I would never expose it outside my network. The password used for authentication is too easy to brute force. If you really want to access it from anywhere, set it up for access within your network and then maybe use a VPN tunnel for devices outside the network. But anyway, setting up local access is problematic because it binds to localhost and gives you no option to change the binding address. There are several ways around this:
- Set it up behind a reverse proxy (I didn’t want to bother with this)
- Build the bridge from source after changing the binding address in the source code see https://github.com/ProtonMail/proton-bridge/pull/270 (seemed like the best option, but then I decided option 3 was better)

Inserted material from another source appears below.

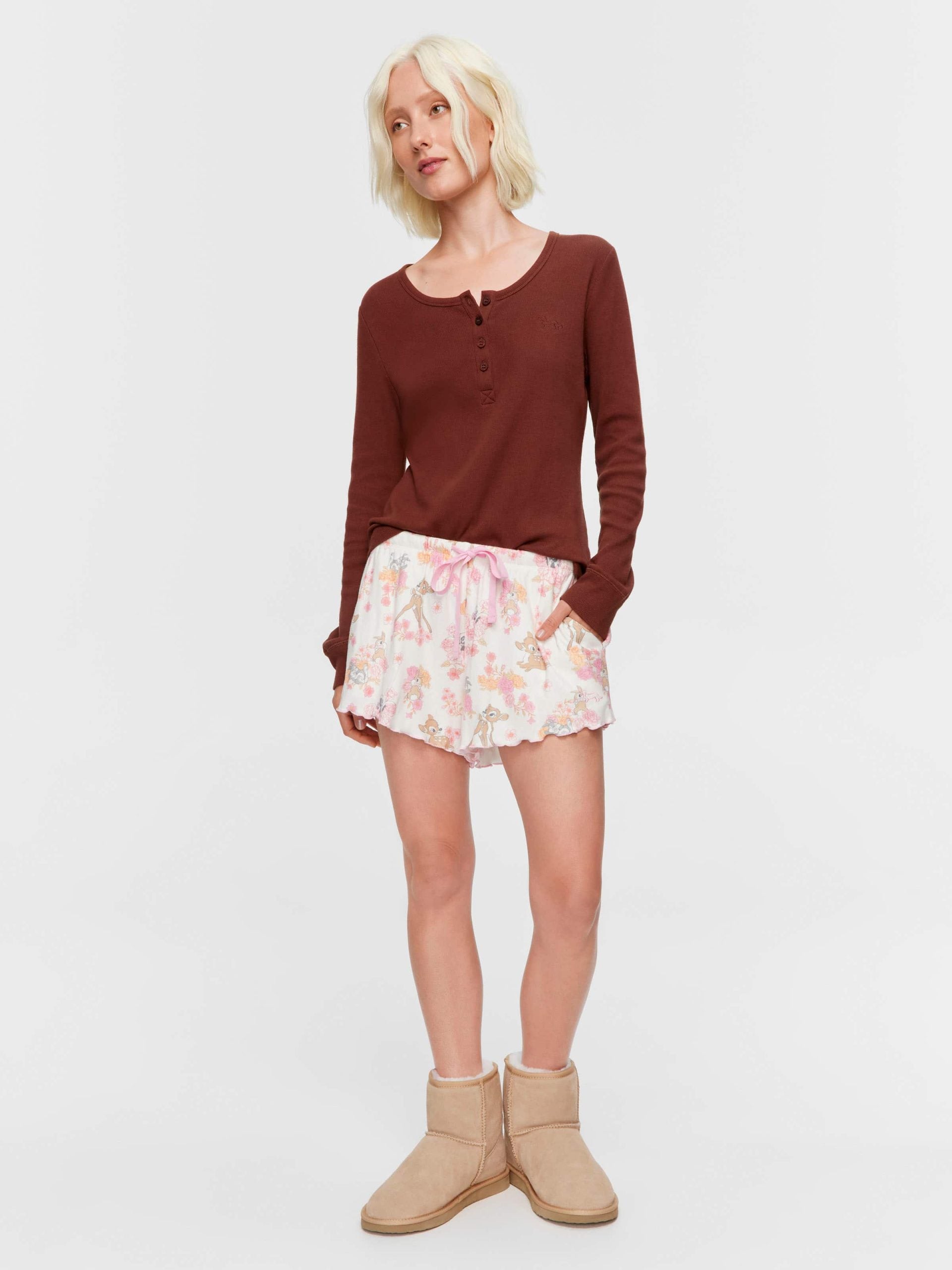 Youll be fawning over these womens mini short. Featuring an all over floral Bambi and Thumper print, these make the perfect pair to wear for all your Disney marathons with the matching pointelle tee.

- Easiest option in my opinion: Set up local port forwarding with a redirection tool like rinetd, bind it to 0.0.0.0, only allow local IPs (you’d need port forwarding to access from outside anyway, but…), and redirect traffic from a particular port to the IMAP/SMTP server ports, for example:
0.0.0.0 1142 127.0.0.1 1143
(bindaddress bindport connectaddress connectport); last step was to set it up as a systemd service.
I went with the third option and it seemed like so much hassle for such a simple requirement, honestly. If you decide you want to do this, feel free to ask for my configuration files.
Yeah, the password is the one thing I was worried about. I already have a VPN set up so I might just go with that for external access.
Since I already have a reverse proxy I might go with option 1, seems like the easiest to set up! If it doesn’t work that well I’ll go with option 3! Thanks a lot!